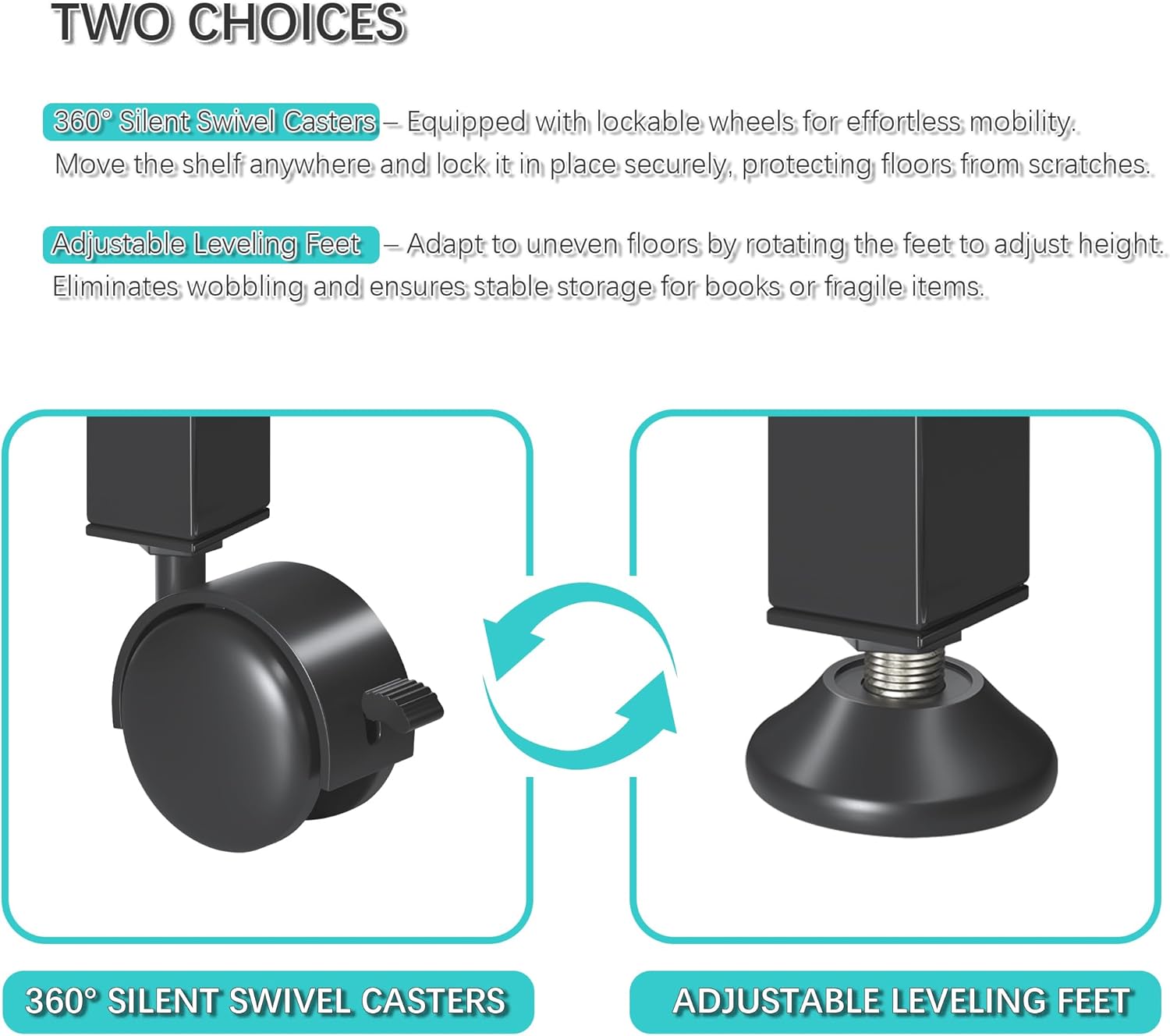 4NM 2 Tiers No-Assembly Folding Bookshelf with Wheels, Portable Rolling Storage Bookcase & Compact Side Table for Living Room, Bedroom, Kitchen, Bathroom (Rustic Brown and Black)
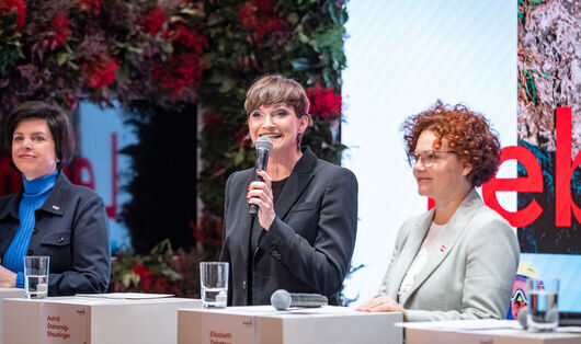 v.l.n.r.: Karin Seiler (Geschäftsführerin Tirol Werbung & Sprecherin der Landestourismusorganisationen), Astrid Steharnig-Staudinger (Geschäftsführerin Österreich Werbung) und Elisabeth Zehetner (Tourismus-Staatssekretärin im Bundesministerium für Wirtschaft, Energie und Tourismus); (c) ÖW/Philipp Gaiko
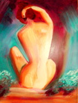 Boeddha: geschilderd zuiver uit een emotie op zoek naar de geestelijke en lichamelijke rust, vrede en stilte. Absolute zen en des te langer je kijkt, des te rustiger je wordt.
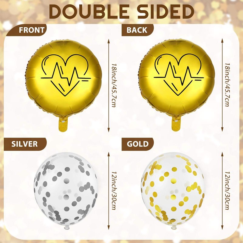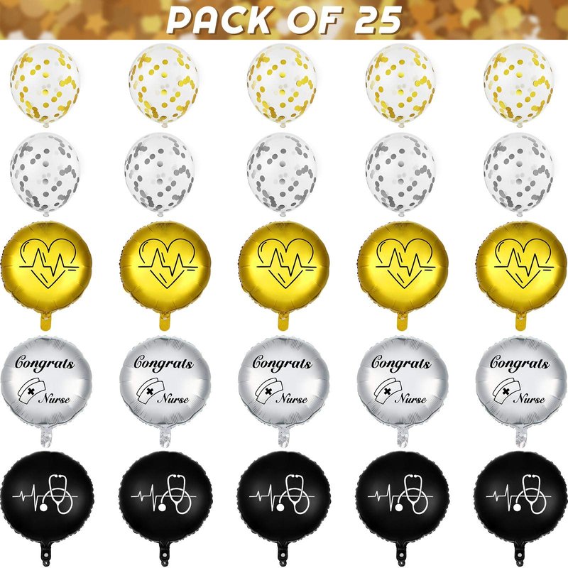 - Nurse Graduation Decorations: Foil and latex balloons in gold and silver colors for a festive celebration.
--
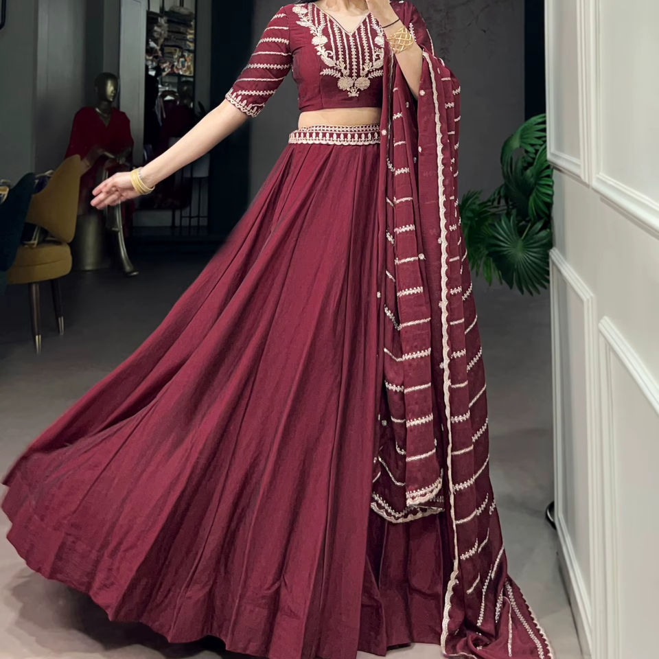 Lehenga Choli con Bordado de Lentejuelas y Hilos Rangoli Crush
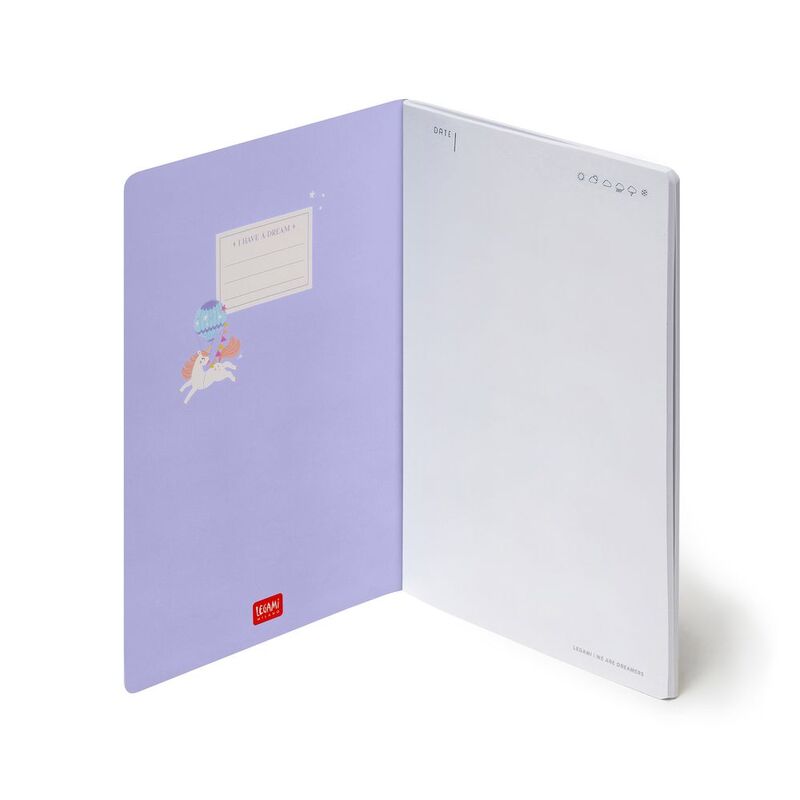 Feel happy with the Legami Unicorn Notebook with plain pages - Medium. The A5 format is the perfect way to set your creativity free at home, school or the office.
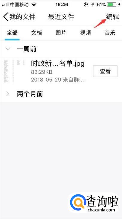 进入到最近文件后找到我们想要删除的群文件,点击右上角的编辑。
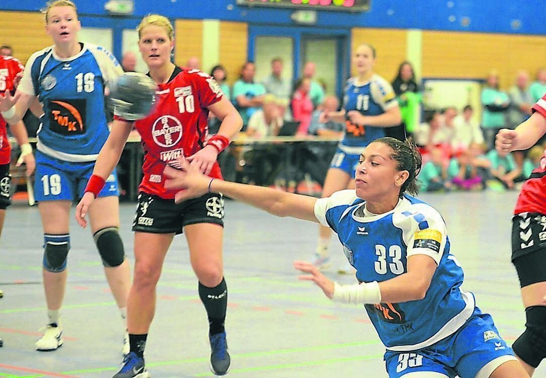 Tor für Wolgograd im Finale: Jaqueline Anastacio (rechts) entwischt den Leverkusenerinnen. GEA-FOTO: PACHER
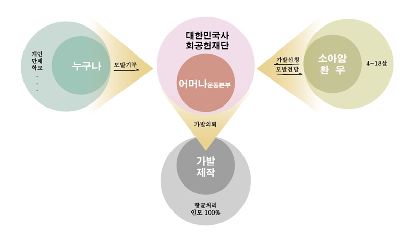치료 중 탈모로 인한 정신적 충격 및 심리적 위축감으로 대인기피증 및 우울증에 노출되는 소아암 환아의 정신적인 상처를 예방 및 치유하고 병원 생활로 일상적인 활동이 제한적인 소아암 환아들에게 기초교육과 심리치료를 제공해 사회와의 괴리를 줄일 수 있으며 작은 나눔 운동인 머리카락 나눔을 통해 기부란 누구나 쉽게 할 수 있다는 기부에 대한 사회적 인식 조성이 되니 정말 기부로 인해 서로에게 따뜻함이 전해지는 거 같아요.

PROBLEM DETAILS: Take only the lines above from the one that has "Tor für Wolgograd" through the one that has "치료 중 탈모로 인한" and reproduce them exactly, omitting any pictures.

OUTPUT OF THE TASK:
 Tor für Wolgograd im Finale: Jaqueline Anastacio (rechts) entwischt den Leverkusenerinnen. GEA-FOTO: PACHER
치료 중 탈모로 인한 정신적 충격 및 심리적 위축감으로 대인기피증 및 우울증에 노출되는 소아암 환아의 정신적인 상처를 예방 및 치유하고 병원 생활로 일상적인 활동이 제한적인 소아암 환아들에게 기초교육과 심리치료를 제공해 사회와의 괴리를 줄일 수 있으며 작은 나눔 운동인 머리카락 나눔을 통해 기부란 누구나 쉽게 할 수 있다는 기부에 대한 사회적 인식 조성이 되니 정말 기부로 인해 서로에게 따뜻함이 전해지는 거 같아요.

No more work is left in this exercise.